- **TASK GOAL**:
Reproduce, character for character, the lines below from the first through the one with "Megkímélt, újszerű állapotú, protektoros". Leave pictures out.

- **SUPPLIED MATERIAL**:
┄┄┄┄┄┄┄┄┄┄

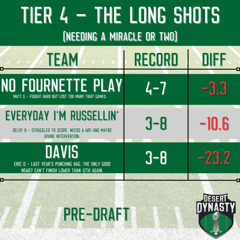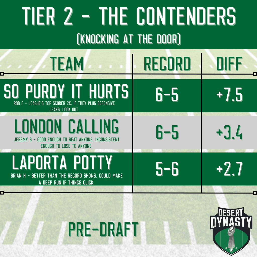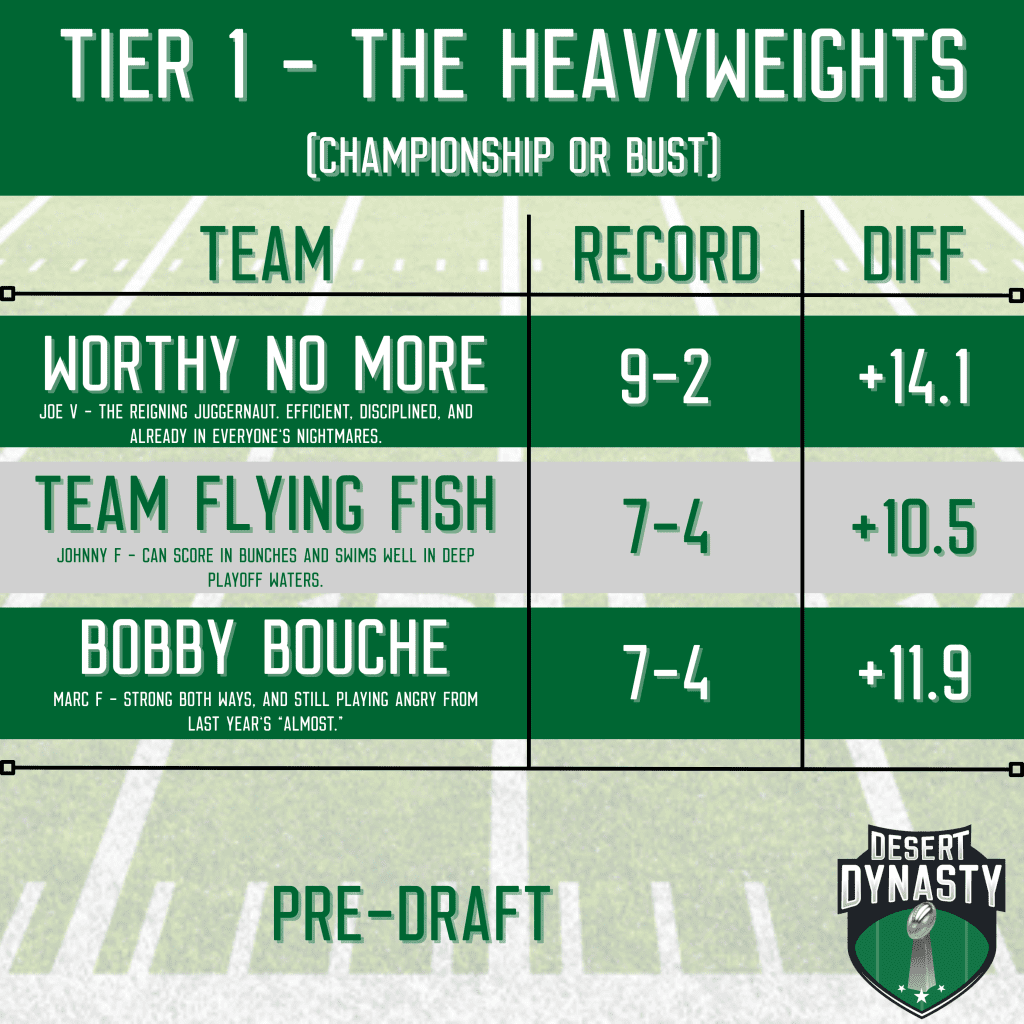 The 2025 Desert Dynasty League Pre-Draft Power Rankings are here, and the tiers have never been more sharply defined. Last season’s final standings gave us plenty to chew on, from dominant regular-season performances to hard-luck heartbreakers.
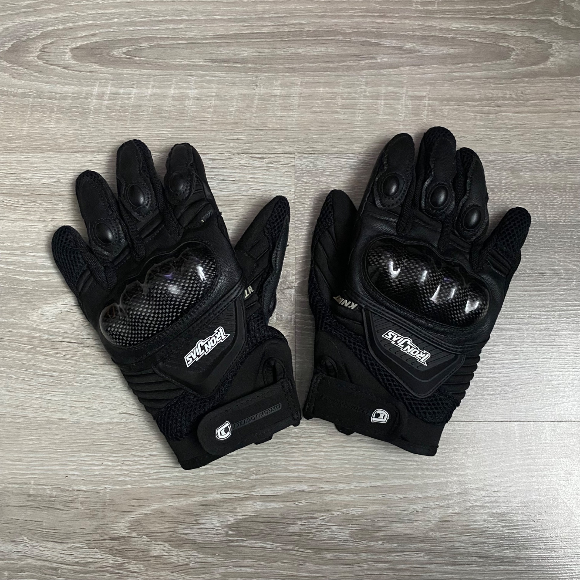 Megkímélt, újszerű állapotú, protektoros motoros kesztyű L-es méretben. Középső ujj hossza 9 cm, tenyér szélessége 11,5 cm.
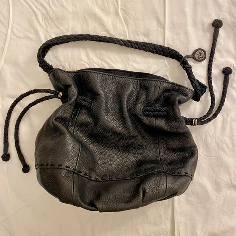 Ruskea nahkalaukku.. monta erilaista taskua.. niin sisä kuin ulkopuolellakin..

┄┄┄┄┄┄┄┄┄┄

- **WORKED SOLUTION**:
 The 2025 Desert Dynasty League Pre-Draft Power Rankings are here, and the tiers have never been more sharply defined. Last season’s final standings gave us plenty to chew on, from dominant regular-season performances to hard-luck heartbreakers.
 Megkímélt, újszerű állapotú, protektoros motoros kesztyű L-es méretben. Középső ujj hossza 9 cm, tenyér szélessége 11,5 cm.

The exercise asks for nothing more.